Atıkların tekrar üretime dahil edildiği döngüsel ekonomi endüstrisinde; odun, plastik, gıda, cam, elektronik, giyim ve tekstil atıkları gibi segmentler dünya genelinde döngüsel metotların yaygın olarak kullanıldığı alanlar olarak belirtilirken, artan nüfusun etkisiyle gıda atığının, diğer atık türleri içinde en büyük gelir payına sahip olarak öne çıktığı vurgulanıyor.

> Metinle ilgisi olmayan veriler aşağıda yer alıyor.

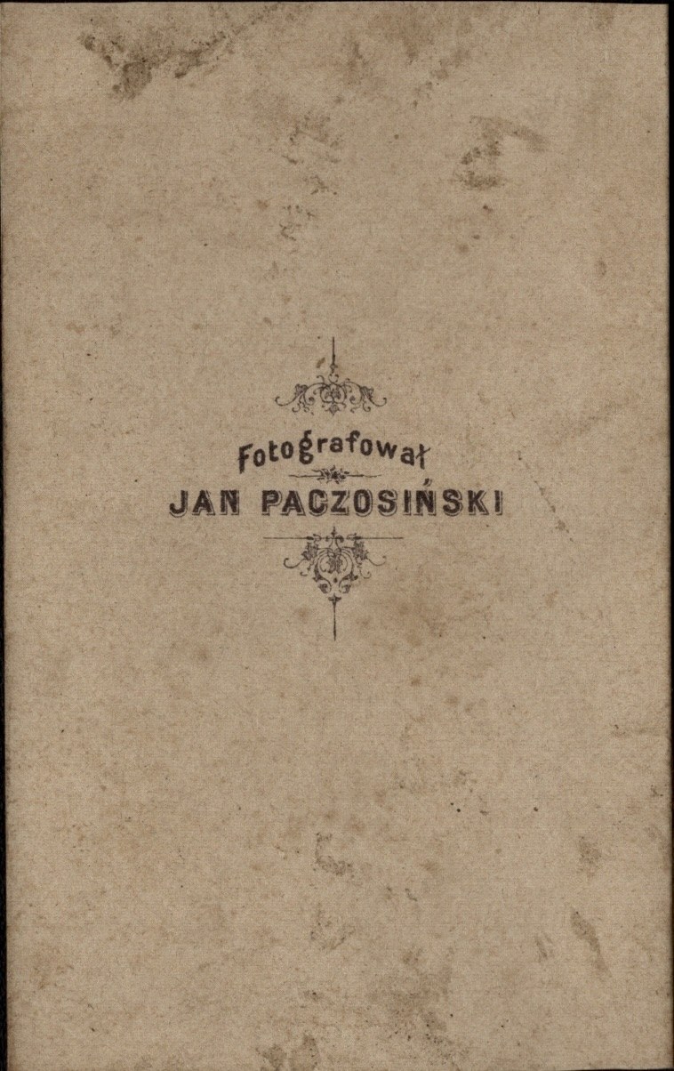 Fotografia albuminowa w form. CDV o wym. 10,3 x 6,3 cm. Na rewersie drukowany napis zakładu: "Fotografował Jan Paczosiński" (w kolorze brązowym). Zabrudzenia awersu i rewersu, ślady podawnym podklejeniu. Nadwątlenia kartoniku. Fotografia po dezynfekcji w komorze Biblioteki Jagiellońskiej.
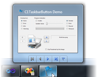 Taskbar button thumbnails, which are represented by the C1Thumbnail class, can consist of two elements: a live preview of the application and a toolbar.
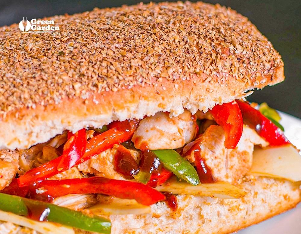 Pechuga de pollo, pimiento verde y rojo, champiñone flameado con mantequilla, queso mozarella y aderezo especial.
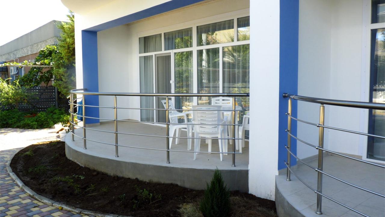 Полулюкс с террасой однокомнатный (тип 1) – площадью 28,5 кв. м., макс.размещение 3 чел., в номере две односпальные кровати, доп. место – диван, чайник, холодильник, кондиционер, ТВ, душ, терраса площадью 20 кв. м.
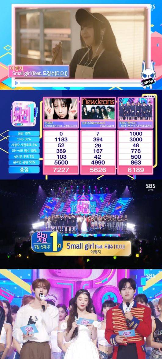 이날 1위 후보로는 이영지의 'Small Girl', 뉴진스의 'How Sweet', 투어스의 '내가 S면 넌 나의 N이 되어줘'가 나란히 올랐다. 이 가운데 이영지가 음원 부분에서 압도적인 점수를 거두며 1위를 차지했다. 출연 없이도 1위를 차지한 쾌거였다.
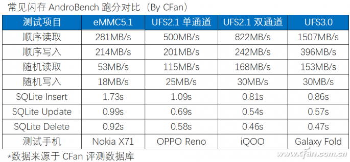 在手机领域,虽然SoC越来越强,内存和存储空间越来越大,摄像头都能拍月亮了,但就存储性能而言,却始终是其综合表现的最大短板。目前手机圈流行的闪存主要以eMMC5.1、UFS2.1单通道、UFS2.1双通道和UFS3.0为主,我们可以通过AndroBench对其性能进行量化对比。
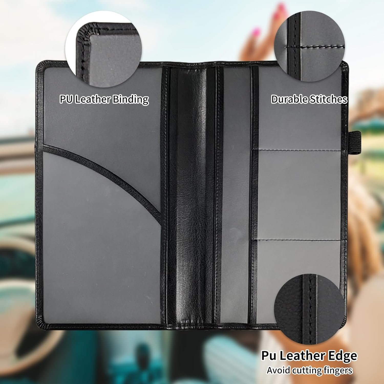 Wrist Strap Closure Design: car document holder has a wrist strap rope closure car insurance card holder, is your vehicle folder can be kept closed when it is not needed, the documents inside will not fall down

Raporun bir bölümünde “Küresel Atık Geri Dönüşüm Hizmetleri Pazarı” başlığı altında Asya Pasifik, Kuzey Amerika, Avrupa, Latin Amerika ve Dünyanın Geri Kalanı olarak bölgesel analiz de yapıldı. Buna göre Asya Pasifik, atık malzeme yönetimi konusunda artan farkındalığın yanı sıra şirketlerin ve devlet kurumlarının etkin atık geri dönüşümü için hayata geçirdiği uygulamalar sayesinde pazar payı açısından dünya çapında lider konuma ulaştı. Avrupa ve Kuzey Amerika’nın da 2021-2027 döneminde yüksek büyüme oranını yakalaması bekleniyor.
Ayrıca raporda bazı uluslararası markalar döngüsel ekonomik modelde önde gelen oyuncular olarak belirtiliyor. Bunlar; ZARA SA, Unilever plc, Sony Group Corporation, Panasonic Corporation, Nestle SA, International Business Machines Corporation, Inter IKEA Systems BV, Hennes & Mauritz AB (H&M), Cisco Systems Inc. ve Adidas AG.
“Değer” kavramı yeniden anlamlandırılmalı
Yeni Zelanda’da yayımlanan yeni bir rapor ise, mevcut finansal sistemin döngüsel ekonomiye geçişi yavaşlatan engellerle dolu olduğunu gösteriyor.
Sustainable Business Network ve Grant Thornton’un ortak hazırladığı raporda, ekonomilerin doğal varlıkların tüketilmesi üzerine kurulduğu ve bu sayede elde edilen kazancın da başarı göstergesi olarak kabul edildiği belirtiliyor. Dolayısıyla mevcut finansal sistemin atık üretimini teşvik ettiği ancak atık geri dönüşümü konusunda yetersiz kaldığı ifade ediliyor.
Grant Thornton Sürdürülebilirlik ve Etki Lideri Michael Worth, işletmelerin sürdürülebilir bir şekilde üretilen ürünlerin piyasada rekabet edebilir hale gelmediği sürece bu modelden vazgeçmeyeceklerini söylüyor. Worth, halihazırdaki uygulamaların, şirketleri döngüsel ekonomi konusunda motive etmediğini ifade ederek yeni düzenlemelerin yapılması gerektiğinin de önemine değiniyor.
Rapor, “değer” kavramının döngüsel bir ekonomi bağlamında yeniden anlamlandırılmasının önemini vurguluyor. Bu kapsamda, değer kavramının maddiyat üzerinden değil, neyi koruduğumuz ve neyi dönüştürdüğümüz üzerinden yeniden adlandırılması gerektiği belirtiliyor.